Data: Begin

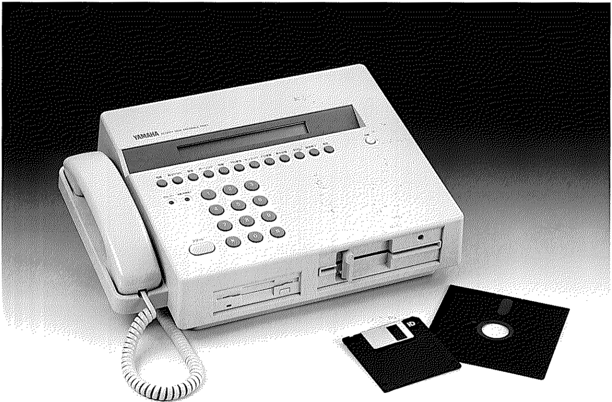
ヤマハフロッピーディスクファクシミリ『FDX1』(FDわーぶ) 価格 = 498,000円(消費税別)
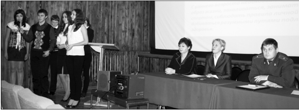
Выступление волонтеров МСОШ № 2

— под таким названием в конце ноября в кинотеатре «Мир» прошла встреча учащейся молодежи с представителями исполнительной власти района и правоохранительных органов. На мероприятии присутствовали и «трудные» подростки, поэтому основной целью стала профилактика асоциальных явлений среди молодежи и пропаганда здорового образа жизни.
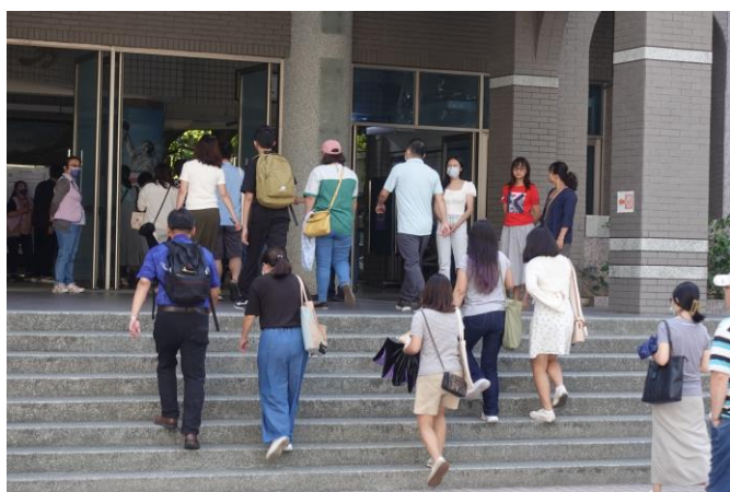
家長入校參與學校日座談會
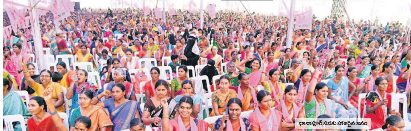
ఖానాపూర్ సభకు హాజరైన జనం
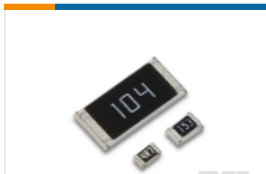
TE 产品编号5-2176349-5 CRGCO 2512 330K 1%
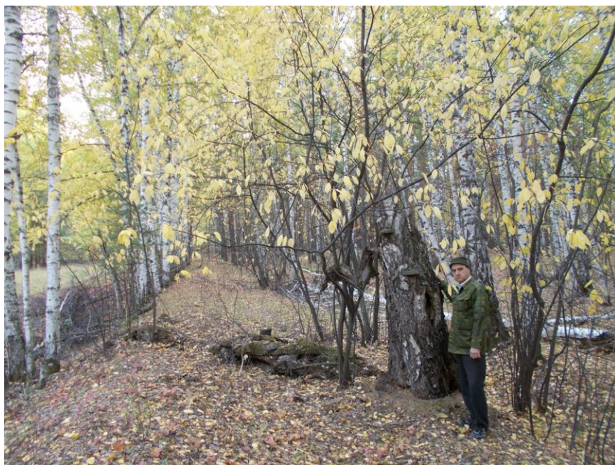
К статье Копырина А.Л. «Старый Сибирский тракт». Остатки старой трассы.
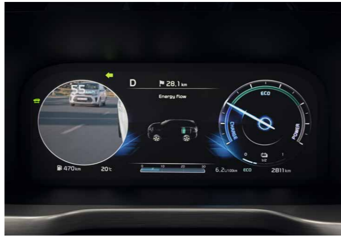
MONITOR DEL ÁNGULO MUERTO EN EL PANEL DE INSTRUMENTOS (BVM)

Cuando quieras cambiar de carril, este sistema detecta cualquier vehículo en tu ángulo muerto y te alertará con un símbolo de advertencia en el espejo lateral y en la pantalla del interior del coche. Si empiezas a cambiar de carril mientras un coche está en tu punto muerto habiendo activado el intermitente y siempre que se cumplan unas determinadas premisas, el Kia Sorento puede activar automáticamente los frenos para evitar una colisión.
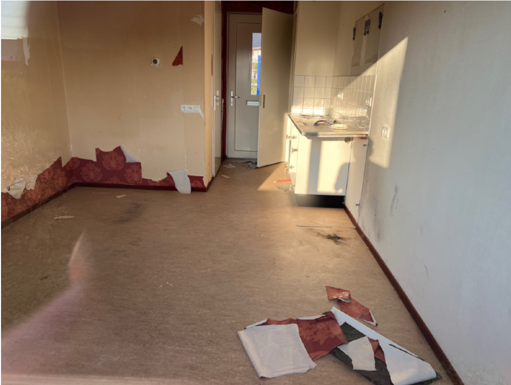
Afbeelding 7: Achtergelaten woning aan de Sterappel, inclusief vernielde keuken
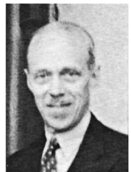
▶ 美國傳教士，將馬吉影像送出南京。
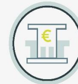
Bank- und Finanzsachen
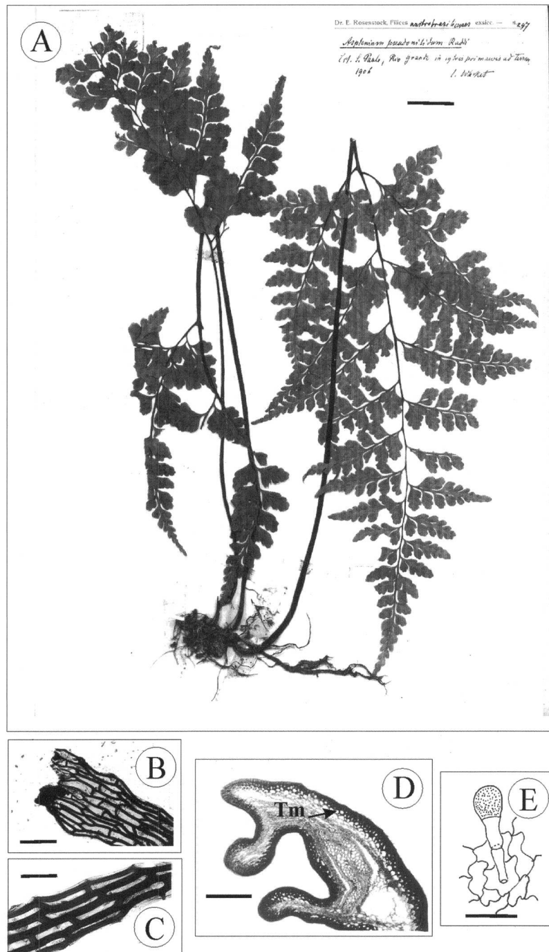
Fig. 2. – Asplenium pseudonitidum Raddi. A. Ejemplar de herbario representativo (Rosenstock 297, LP); B. Base de escama rizomática; C. Detalle de la zona media de escama rizomática donde se observa el margen entero y el engrosamiento de las paredes celulares; D. Transcorte de pecíolo surcado dorsalmente y alado, con tejido esclerenquimático subepidérmico (Tm); E. Pelo glandular del hipofilo.

[Escala: A: 2 cm, B-C: 200 µm, D: 300 µm, E: 25 µm]

Data: End

• Problem statement: Set down exactly, and only, the lines from the one containing "Afbeelding 7: Achtergelaten" through the last line of the entries. Pictures do not belong in the copy.

• Your solution:
Afbeelding 7: Achtergelaten woning aan de Sterappel, inclusief vernielde keuken
▶ 美國傳教士，將馬吉影像送出南京。
Bank- und Finanzsachen
Fig. 2. – Asplenium pseudonitidum Raddi. A. Ejemplar de herbario representativo (Rosenstock 297, LP); B. Base de escama rizomática; C. Detalle de la zona media de escama rizomática donde se observa el margen entero y el engrosamiento de las paredes celulares; D. Transcorte de pecíolo surcado dorsalmente y alado, con tejido esclerenquimático subepidérmico (Tm); E. Pelo glandular del hipofilo.

[Escala: A: 2 cm, B-C: 200 µm, D: 300 µm, E: 25 µm]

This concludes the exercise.